An in-memory vector similarity search and clustering service for MemberJunction. Provides six distance metrics, two clustering algorithms (K-Means and DBSCAN), and comprehensive utility methods for vector analysis -- all without requiring an external vector database.

Architecture

graph TD
    subgraph MemoryPkg["@memberjunction/ai-vectors-memory"]
        SVS["SimpleVectorService&lt;TMetadata&gt;"]

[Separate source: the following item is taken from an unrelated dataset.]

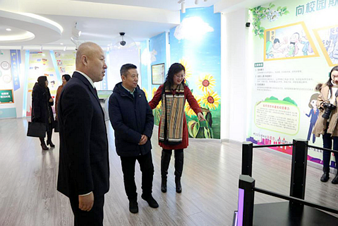 李英杰與李雪峰共同為“齊齊哈爾大學(xué)教學(xué)實踐基地”和“齊齊哈爾大學(xué)未成年人心理援助矯護(hù)中心”揭牌,并和參會人員共同參觀富??h檢察院未成年人檢察工作區(qū)。

        subgraph Search["Similarity Search"]
            FN["FindNearest"]
            FS["FindSimilar"]
            FAT["FindAboveThreshold"]
        end

        subgraph Metrics["Distance Metrics"]
            COS["Cosine"]
            EUC["Euclidean"]
            MAN["Manhattan"]
            DOT["Dot Product"]
            JAC["Jaccard"]
            HAM["Hamming"]
        end

        subgraph Clustering["Clustering"]
            KM["K-Means (K-Means++)"]
            DBS["DBSCAN"]
            EM["Elbow Method"]
        end

        subgraph Evaluation["Evaluation"]
            SIL["Silhouette Score"]
            WCD["Within-Cluster Distance"]
            BCD["Between-Cluster Distance"]
            CENT["Find Centroid"]
        end
    end

    FN --> Metrics
    FS --> FN
    FAT --> FN
    KM --> Metrics
    DBS --> FN

    style MemoryPkg fill:#2d6a9f,stroke:#1a4971,color:#fff
    style Search fill:#2d8659,stroke:#1a5c3a,color:#fff
    style Metrics fill:#b8762f,stroke:#8a5722,color:#fff
    style Clustering fill:#7c5295,stroke:#563a6b,color:#fff
    style Evaluation fill:#2d8659,stroke:#1a5c3a,color:#fff

Installation

npm install @memberjunction/ai-vectors-memory

Overview

Unlike the other vector packages that depend on external vector databases (Pinecone, etc.), this package operates entirely in-memory. It is ideal for:

Lightweight similarity search without infrastructure overhead
AI agent note retrieval and session memory
Clustering analysis and data exploration
Prototyping and testing before deploying to a full vector database
Scenarios where the vector count fits comfortably in memory (tens of thousands)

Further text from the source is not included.